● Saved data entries
-.-.-
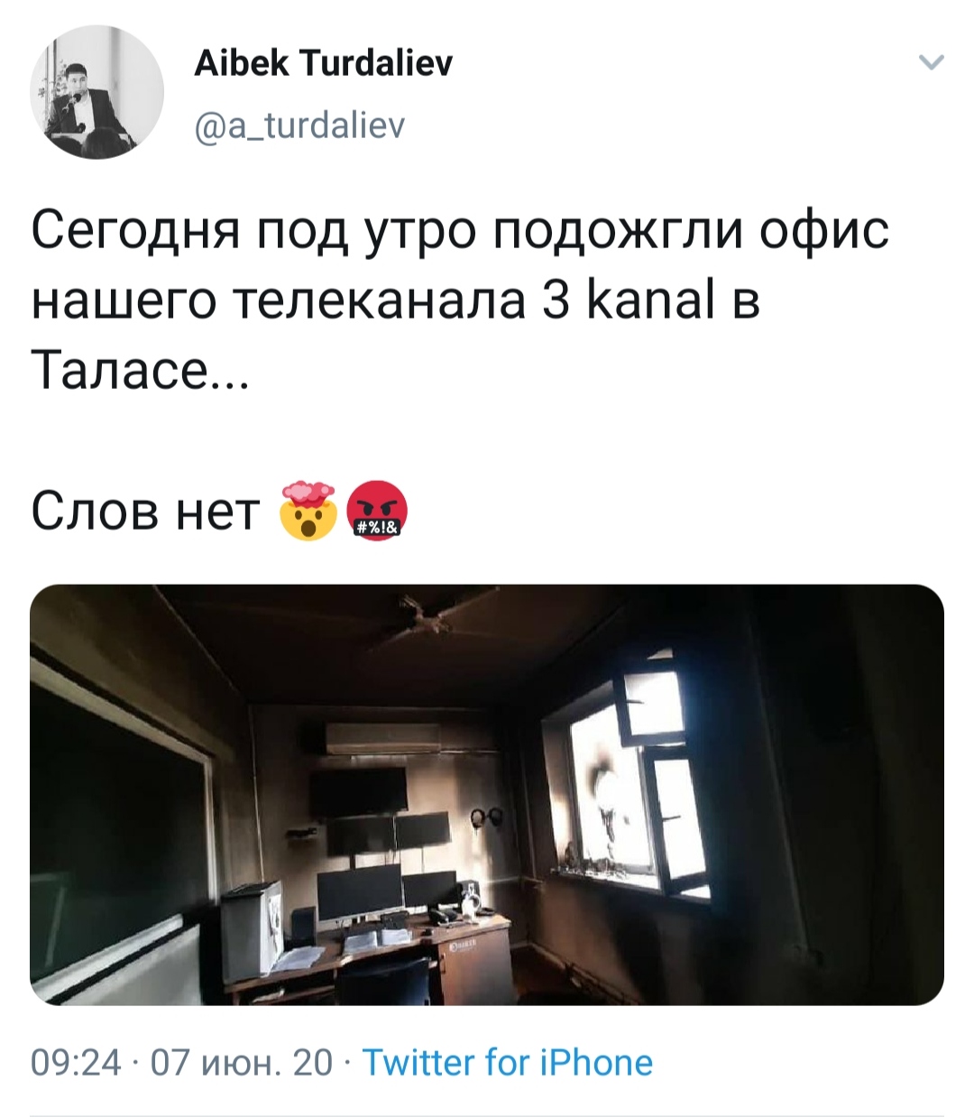 В Таласе в офисе «Третьего канала» произошел пожар. Об этом в Twitter сообщил журналист Айбек Турдалиев.
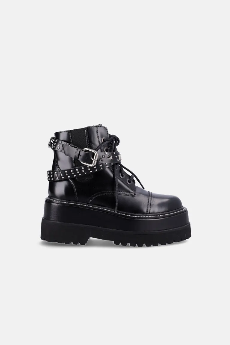 Borcego de estilo urbano con plataforma alta y suela track. Presenta cordones, caña media y tiras ajustables con hebillas metálicas y apliques de tachas. Un diseño robusto y estructurado con acabado brillante, ideal para complementar outfits con un toque industrial y alternativo.
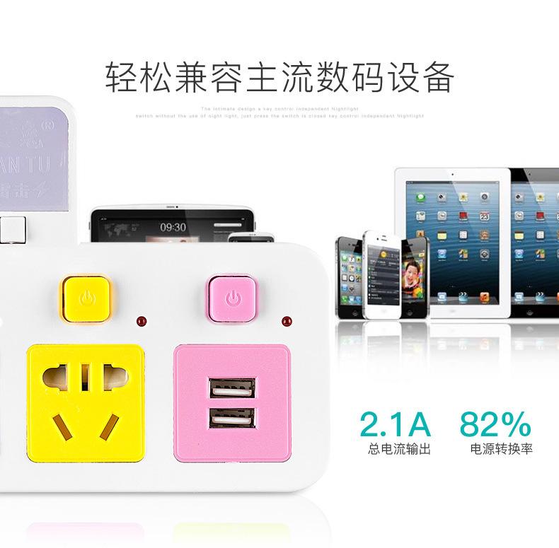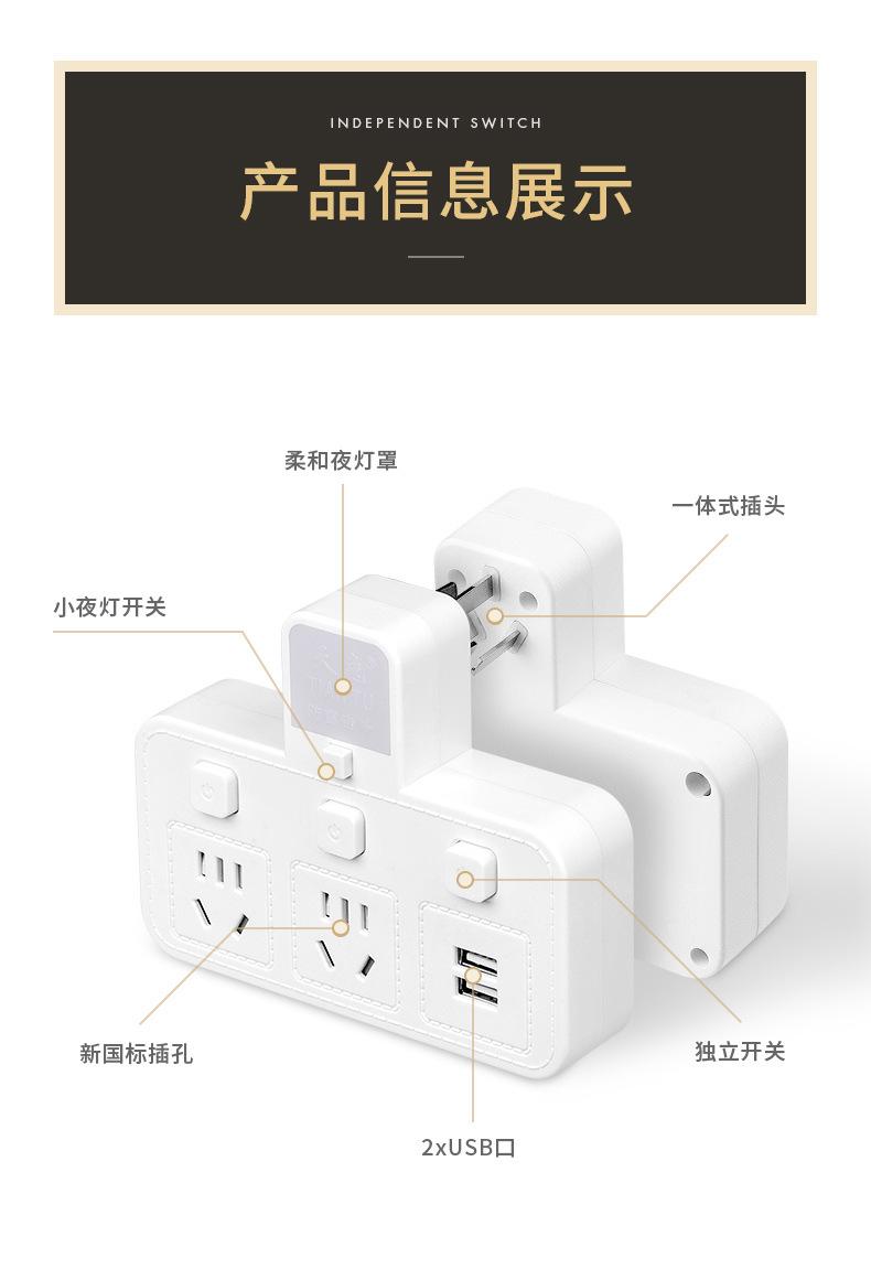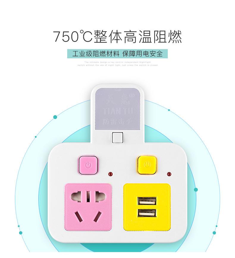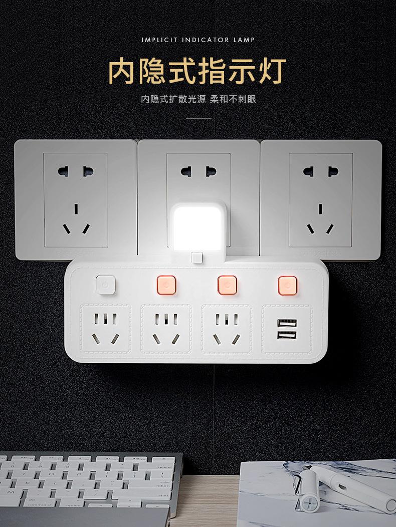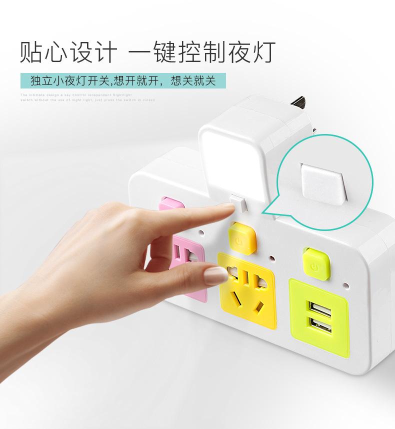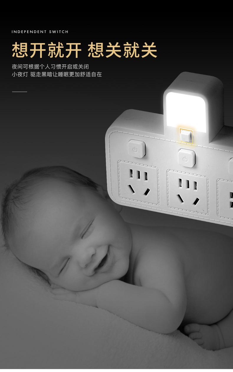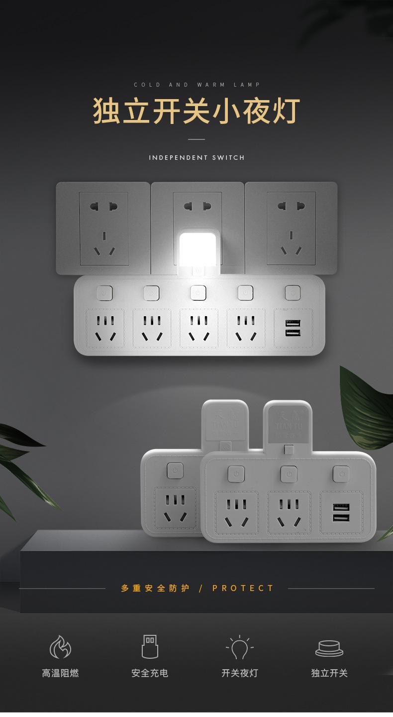 Com tomada de luz noturna conversor doméstico tomada USB porta de segurança multifuncional tomada de plugue de conversão múltipla de uma volta
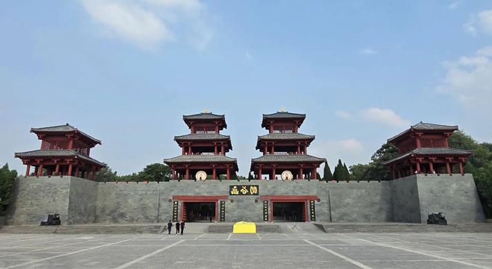 函谷关历史文化旅游区位于河南省灵宝市,由灵宝市委、市政府投资5.89亿元打造,距灵宝市区13公里,连霍高速灵宝出口不足2公里,占地面积5000亩,以函谷关军事要塞遗址和老子著《道德经》文化遗存为核心,形成融军事文化、道家文化于一体的游览体系。景区包含关楼、道德天书、太初宫等50余处景点,现存秦汉风格关楼印证其“车不方轨,马不并辔”的险要地形,2018年入选“中国黄河50景”,2021年获评河南省中小学研学旅行实践基地,2025年升级为国家5A级旅游景区。景区近年推出《函谷盛境》水上铁花秀、《楚汉争关》《大秦烽云》实景演出及《问道函谷》夜游项目,开展“紫气东来·问道函谷”文化艺术周活动。该关始建于西周,为历史上建制最早的雄关要塞,发生大小战役200余次,其中16次影响中国历史进程。周敬王四年(公元前516年)老子于此撰写《道德经》,天宝元年(742年)因“函谷灵符”事件改桃林县为灵宝。现存紫铜老子圣像高33.3米,太极圣湖水域面积达1400亩。
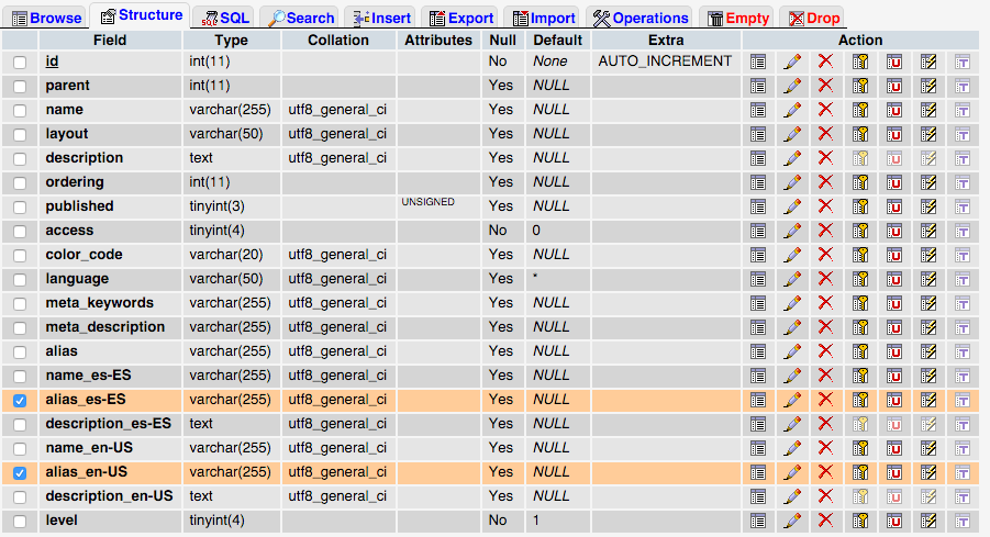 Th SQL statement includes the field alias_es-ES, but the error message is stating the field alias_es is missing. Based on the database this is correct, this field is not present in the database.
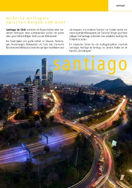 Santiago de Chile verbindet die Eigenschaften einer mo- der elegante und moderne Stadtteil Las Condes wartet mit
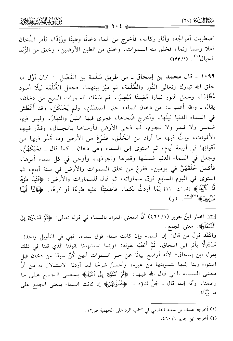 [١٣٠] اختار ابنُ جرير (١/ ٤٦١) أنّ المعنى المراد بالسماء في قوله تعالى: {ثم استوى إلى السماء}: معنى الجمع.
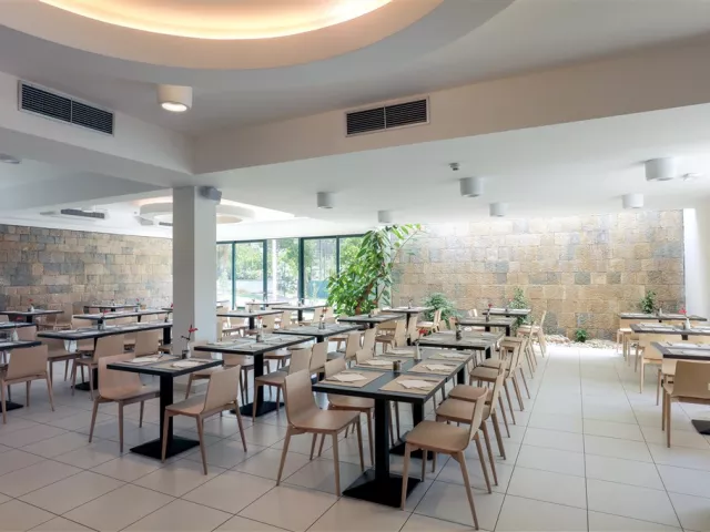 Vybavenie: reštaurácia • aperitív bar • snack bar • zmenáreň • hotelové parkovisko za poplatok 10 €/deň/auto • otvorený veľký a detský bazén so sladkou vodou, s barom a terasou na slnenie • ležadlá a slnečníky pri bazéne zdarma (v obmedz. počte) • detské ihrisko • WiFi internetové pripojenie v celom komplexe zdarma
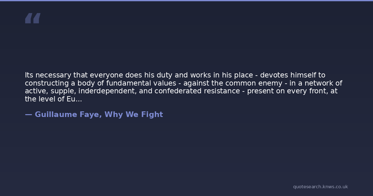 Its necessary that everyone does his duty and works in his place - devotes himself to constructing a body of fundamental values - against the common enemy - in a network of active, supple, inderdependent, and confederated resistance - present on every front, at the level of Europe - with the aim of concentrating all the energies of the combatants.
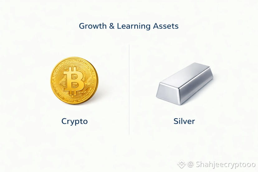 Silver adds another layer. It behaves differently from both crypto and stocks. It has industrial demand, reacts to economic cycles, and often follows gold with its own rhythm. Including silver helps you observe how commodities respond to inflation, growth expectations, and global uncertainty.
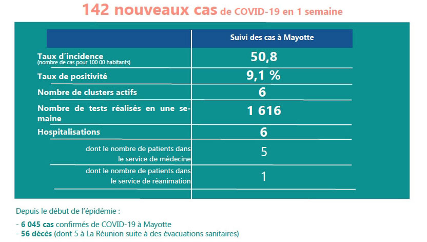A Mayotte entre le samedi 26 décembre 2020 et le vendredi 1er janvier 2021 personne âgée de 83 ans est décédée des suites de la Covid-19. Au cours de la même période 142 nouvelles contaminations ont été recensées par les autorités de santé de l'île aux parfums. Depuis le début de l'épidémie 56 personnes sont décédées et 6.045 ont été contaminées à Mayotte (Photo d'illustration rb/www.ipreunion.com)
-.-.-
Set down the records in full and exactly. Do not carry over any image.

● Completed task
 В Таласе в офисе «Третьего канала» произошел пожар. Об этом в Twitter сообщил журналист Айбек Турдалиев.
 Borcego de estilo urbano con plataforma alta y suela track. Presenta cordones, caña media y tiras ajustables con hebillas metálicas y apliques de tachas. Un diseño robusto y estructurado con acabado brillante, ideal para complementar outfits con un toque industrial y alternativo.
 Com tomada de luz noturna conversor doméstico tomada USB porta de segurança multifuncional tomada de plugue de conversão múltipla de uma volta
 函谷关历史文化旅游区位于河南省灵宝市,由灵宝市委、市政府投资5.89亿元打造,距灵宝市区13公里,连霍高速灵宝出口不足2公里,占地面积5000亩,以函谷关军事要塞遗址和老子著《道德经》文化遗存为核心,形成融军事文化、道家文化于一体的游览体系。景区包含关楼、道德天书、太初宫等50余处景点,现存秦汉风格关楼印证其“车不方轨,马不并辔”的险要地形,2018年入选“中国黄河50景”,2021年获评河南省中小学研学旅行实践基地,2025年升级为国家5A级旅游景区。景区近年推出《函谷盛境》水上铁花秀、《楚汉争关》《大秦烽云》实景演出及《问道函谷》夜游项目,开展“紫气东来·问道函谷”文化艺术周活动。该关始建于西周,为历史上建制最早的雄关要塞,发生大小战役200余次,其中16次影响中国历史进程。周敬王四年(公元前516年)老子于此撰写《道德经》,天宝元年(742年)因“函谷灵符”事件改桃林县为灵宝。现存紫铜老子圣像高33.3米,太极圣湖水域面积达1400亩。
 Th SQL statement includes the field alias_es-ES, but the error message is stating the field alias_es is missing. Based on the database this is correct, this field is not present in the database.
 Santiago de Chile verbindet die Eigenschaften einer mo- der elegante und moderne Stadtteil Las Condes wartet mit
 [١٣٠] اختار ابنُ جرير (١/ ٤٦١) أنّ المعنى المراد بالسماء في قوله تعالى: {ثم استوى إلى السماء}: معنى الجمع.
 Vybavenie: reštaurácia • aperitív bar • snack bar • zmenáreň • hotelové parkovisko za poplatok 10 €/deň/auto • otvorený veľký a detský bazén so sladkou vodou, s barom a terasou na slnenie • ležadlá a slnečníky pri bazéne zdarma (v obmedz. počte) • detské ihrisko • WiFi internetové pripojenie v celom komplexe zdarma
 Its necessary that everyone does his duty and works in his place - devotes himself to constructing a body of fundamental values - against the common enemy - in a network of active, supple, inderdependent, and confederated resistance - present on every front, at the level of Europe - with the aim of concentrating all the energies of the combatants.
 Silver adds another layer. It behaves differently from both crypto and stocks. It has industrial demand, reacts to economic cycles, and often follows gold with its own rhythm. Including silver helps you observe how commodities respond to inflation, growth expectations, and global uncertainty.
A Mayotte entre le samedi 26 décembre 2020 et le vendredi 1er janvier 2021 personne âgée de 83 ans est décédée des suites de la Covid-19. Au cours de la même période 142 nouvelles contaminations ont été recensées par les autorités de santé de l'île aux parfums. Depuis le début de l'épidémie 56 personnes sont décédées et 6.045 ont été contaminées à Mayotte (Photo d'illustration rb/www.ipreunion.com)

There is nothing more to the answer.